Según explica Camila Ovalle, psicóloga clínica educacional, y co fundadora de Bow Care, “detrás de una baja repentina en las calificaciones puede existir mucho más que un problema académico. El estrés, las preocupaciones personales o las dificultades familiares, por ejemplo, pueden afectar la concentración, la memoria y la motivación para aprender. Del mismo modo, la irritabilidad, los conflictos frecuentes o las conductas desafiantes no siempre son una muestra de mala actitud; en muchos casos son la forma en que los adolescentes expresan emociones que todavía no saben comunicar adecuadamente”.

Según advierte la profesional, otra señal que merece atención es el aislamiento social. “Si bien durante la adolescencia es normal buscar más espacios de privacidad, cuando un joven deja de relacionarse con sus amigos, pierde interés en actividades que antes disfrutaba o se mantiene constantemente apartado, puede estar enfrentando dificultades emocionales que requieren apoyo”.

Uno de los fenómenos que más preocupa a los especialistas es el llamado «sufrimiento invisible». Se trata de adolescentes que continúan asistiendo al colegio, mantienen una apariencia de normalidad e incluso pueden relacionarse adecuadamente con sus compañeros, pero que internamente están atravesando niveles importantes de angustia, ansiedad o desesperanza. “Por eso, muchas veces las señales más importantes no son las conductas aisladas, sino los cambios sostenidos respecto de cómo ese estudiante era habitualmente”, recalca Ovalle.

Frente a esta realidad, la pregunta no debería ser únicamente «¿qué le pasa con las notas?» o «¿por qué se está portando mal?», sino también «¿qué le está pasando?» y «¿cómo podemos ayudarlo?».

Los factores protectores más importantes durante la adolescencia son la existencia de vínculos significativos con adultos. Sentirse escuchado, contenido y acompañado puede marcar una diferencia enorme en momentos de dificultad.

“Tanto las familias como los colegios cumplen un rol fundamental.

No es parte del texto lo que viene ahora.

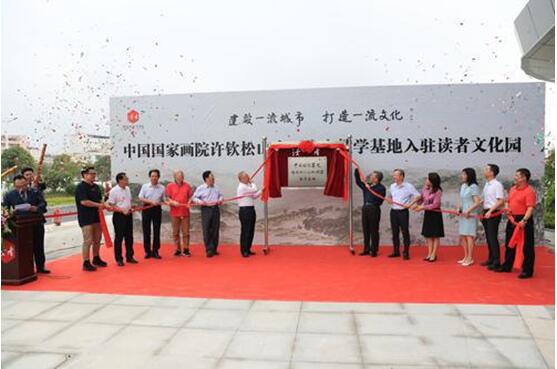 (众嘉宾为许钦松入驻读者文化园揭牌) 将为惠州民众提供美术公益服务 昨日上午,中国国家画院许钦松山水工作室教学基地也入驻读者文化园。致力于打造惠。州文化产业新地标的惠州读者文化园项目开园时间初定于2022年,许钦松⼭⽔⼯作室教学基地的入驻,无疑也为该园区烙上了第⼀层⽂化属性。 “在广东,惠州是我来的次数最多的地级市,我都想做一名惠州人了。”谈及选择在惠州读者文化园建立许钦松工作室教育基地的缘由,许钦松表示,惠州风景优美,人文厚重,为画家们提供了很好的创作素材。一直以来,惠州市委市政府对文化艺术发展也是十分重视,舍得投入,惠州的文化发展越来越好。“读者本身是一个文化品牌,有着很强的文化吸引力。惠州读者文化园,也是一个大规模的、文化产业聚集的地方,多方缘由,大家‘一拍即合’。”
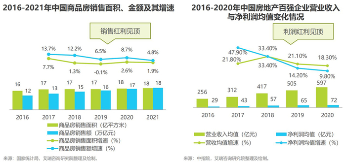 《报告》指出,2021年全国商品房销售额约18.2亿万元,同比增速由上一年的8.7%下滑至4.8%;同时,中国房地产百强企业的净利润均值增速相较2017年出现了大幅下滑。
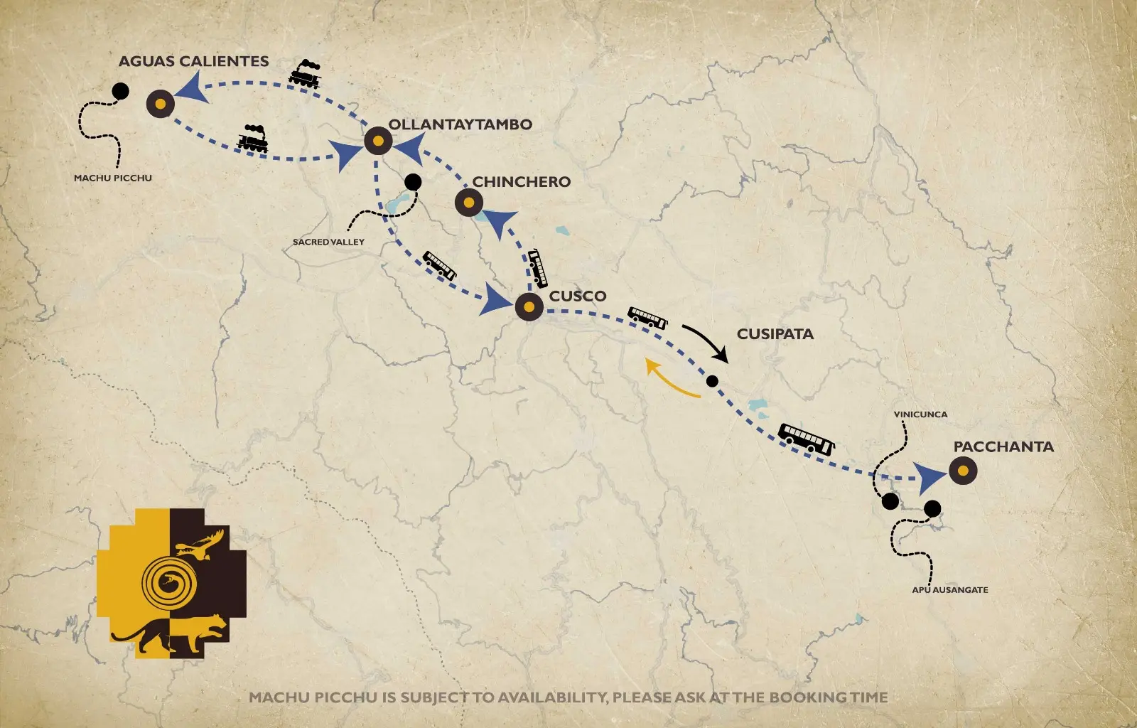 After visiting Machu Picchu, we will take the bus back to Aguas Calientes. We will have time for lunch, and in the afternoon, we will take the train from Aguas Calientes to Ollantaytambo, where our Pumadventures team will meet us and transfer you directly to your hotel in Cusco. The total travel time from Aguas Calientes to Cusco is approximately 4 hours. If you wish to climb Huayna Picchu or Machu Picchu Mountain, please inform us at the time of booking, as a separate permit is required.
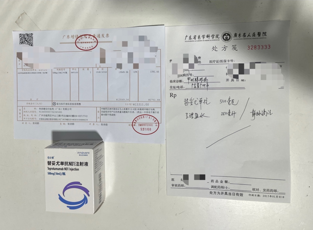 3月19日,由信达生物研发的中国首个、全球第二个IGF-1R抗体药物——替妥尤单抗N01注射液由广东省人民医院内分泌科关海霞主任医师开出华南首张处方。作为中国甲状腺眼病治疗领域70年来首款新药,国产替妥尤单抗N01注射液(信必敏®)于今年3月14日获得国家药品监督管理局批准上市,将甲状腺眼病从无药可治,带入靶向化、高效化、无创化、可及化的新时代。
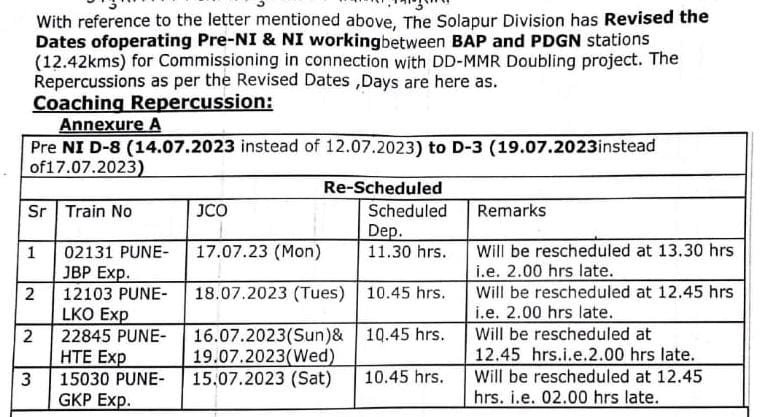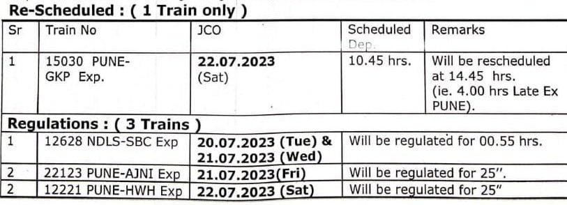 2: 22845 पुणे हटिया द्विसाप्ताहिक सुपरफास्ट दिनांक 16 जुलाई रविवार एवं 19 जुलाई बुधवार को पुणे जंक्शन से अपने नियमित समय 10:45 की जगह 2 घण्टे देरी से अर्थात दोपहर 12:45 को रवाना की जाएगी।
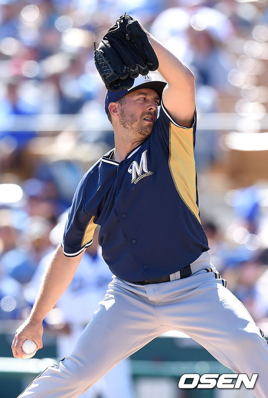 밀워키 브랜든 킨츨러가 역투하고 있다.
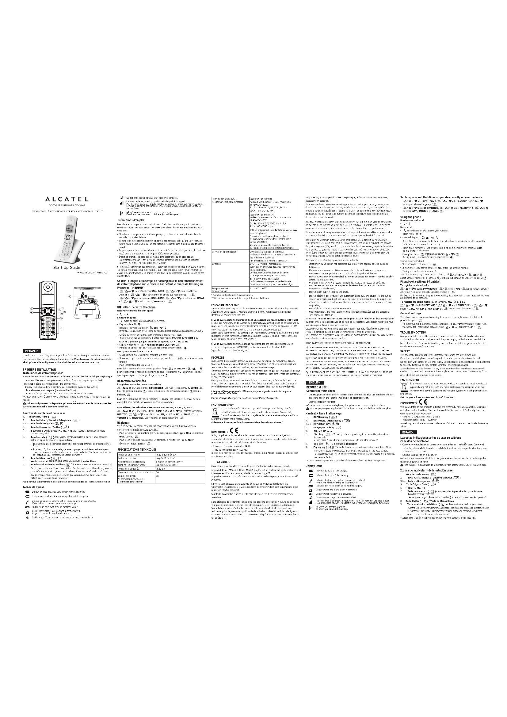 D'une manière générale, en cas de problème, retirer les batteries dans tous les combinés. Déconnecter votre appareil. Attendre environ 1 minute. Reconnecter l'alimentation électrique et réinsérer les batteries. Si vous avez acheté votre produit dans une agence Orange (boutique, 1014, web): Si vous désirez bénéficier de conseils ou d’informations quant à l’usage de ce téléphone ou en cas de panne, merci de contacter l’assistance technique d’orange en appelant le 3900. Ce service est gratuit, l’appel est au prix d’une communication classique (selon votre abonnement), ou décompté de votre forfait. Le temps d’attente avant la mise en relation avec le conseiller est gratuite depuis les réseaux Orange. Si l’appel est passé depuis un autre opérateur, consultez ses tarifs. Si vous avez acheté votre téléphone hors Orange: une assistance téléphonique est à votre disposition au 0820820217, du lundi au samedi de 8h00 à 19h00 (appel facturé selon le tarif en vigueur). SECURITE En l'absence d'alimentation secteur, vous ne pourrez pas passer ou recevoir des appels. En cas de fuite de gaz ou de tout autre danger d'explosion, n'utilisez pas votr e téléphone pour appeler les autorités responsables, à proximité de ce danger. N'ouvrez pas votre appareil ni son adaptateur secteur pour ne pas vous exposer à un risque de choc électrique. N'essayez jamais d'ouvrir les batteries, elles contiennent des substances chimiques dangereuses. Votre poste téléphonique doit être installé dans un endroit sec, à l'abri de la chaleur, de l'humidité et des rayon s directs du soleil. Pour éviter les interférences radio, éloignez le poste téléphonique d'au-moins 1 mètre de tout appareil électrique et autre téléphone. ENVIRONNEMENT Ce symbole signifie que votre appareil électronique hors d'usage doit être collecté séparément et non jeté avec les déchets ménagers. Dans ce but, l'Union Européenne a institué un système de collecte et de recyclage spécifique dont les fabricants ont la responsabilité. Aidez-nous à préserver l'environnement dans lequel nous vivons ! CONFORMITE Le logo imprimé sur l'appareil atteste que ce dernier est conforme aux exigences essentielles et à toutes les directives pertinentes. Vous pouvez consulter cette déclaration de conformité sur notre site Web: www.alcatel-home.com Le logo et le nom Alcatel sont des marques enregistrées d'Alcatel -Lucent et sont utilisées sous licence par Atlinks. ENGLISH FRANÇAIS Dans le cadre de notre engagement pour la préservation et le respect de l'environnement, nous incluons dans nos emballages des mini-guides. Vous trouverez la notice complète ainsi qu'une aide en ligne sur notre site internet: www.alcatel-home.com
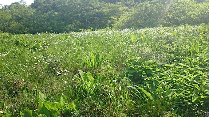 野地温泉に泊まった1日目は最高の天気だった。梅雨空からやわらかな日差しが差して、花がやわらかに浮かび上がってくる。雨に濡れてまだ乾ききっていないワタスゲが広がっていた。
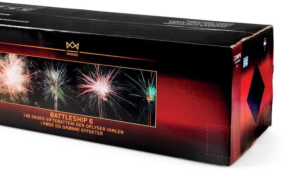 FYRVÆRKERIPOSTEN 2022 4 HUSK BRILLERNE for sikkerhedens skyld! KLASSISKE KOMBINATIONSBATTERIER FRA AFAC Top kvalitet fra Nordic Fireworks! NORDIC BATTLESHIP 3 200 skud danser på himlen i sølv og guld nuancer og springer ud som glimmer. Flotte haler og store vifter af røde stjerner og skarp blitz efterfølges af palmer i forskellige højder. En serie af guld og røde vinger afslutter compounden, der består af 3 sammensatte batterier af hver deres karakter. VARENR. COMP3 NEM 1380 GRAM | 200 SKUD | 20 MM 129995 BESTIL NR. 12 NORDIC BATTLESHIP 6 Endnu et monsterstort Nordic Compound bestående af 2 stk. 42-skuds max loaded batterier, der et mix imellem brokade kroner og chrysanthemum samt farvede stjerner og strobeeffekt. Derudover 2 stk. 28-skuds vinkelbatterier bestående af piletræs effekter med guldhaler og blinkende stjerner. VARENR. COMP6 NEM 1971 GRAM | 140 SKUD | 30 MM BESTIL NR. 13 1 LUNTE 3 BATTERIER 199995 SPAR MERE KØB STORT NYHED 2022

Más que transformarse en vigilantes, los adultos deben convertirse en observadores atentos de los cambios. Mantener espacios de conversación, interesarse genuinamente por cómo se sienten los adolescentes, validar sus emociones y estar disponibles para escuchar sin juzgar son acciones simples que tienen un impacto profundo”, enfatiza Camila Ovalle.

En el ámbito escolar, la co fundadora de Bow Care es clara: “fortalecer el vínculo entre estudiantes y adultos de referencia, generar espacios de confianza y promover una cultura de cuidado puede favorecer la detección temprana de dificultades antes de que estas se agraven”.

Muchas veces un profesor, un inspector, un orientador o un encargado de convivencia puede convertirse en la persona que permite que un estudiante pida ayuda a tiempo.

Escuchar esas señales, que muchas veces entregan los adolescentes, junto con acompañar y fortalecer los vínculos sigue y seguirá siendo una de las herramientas más efectivas para prevenir problemas mayores y promover el bienestar de nuestros jóvenes.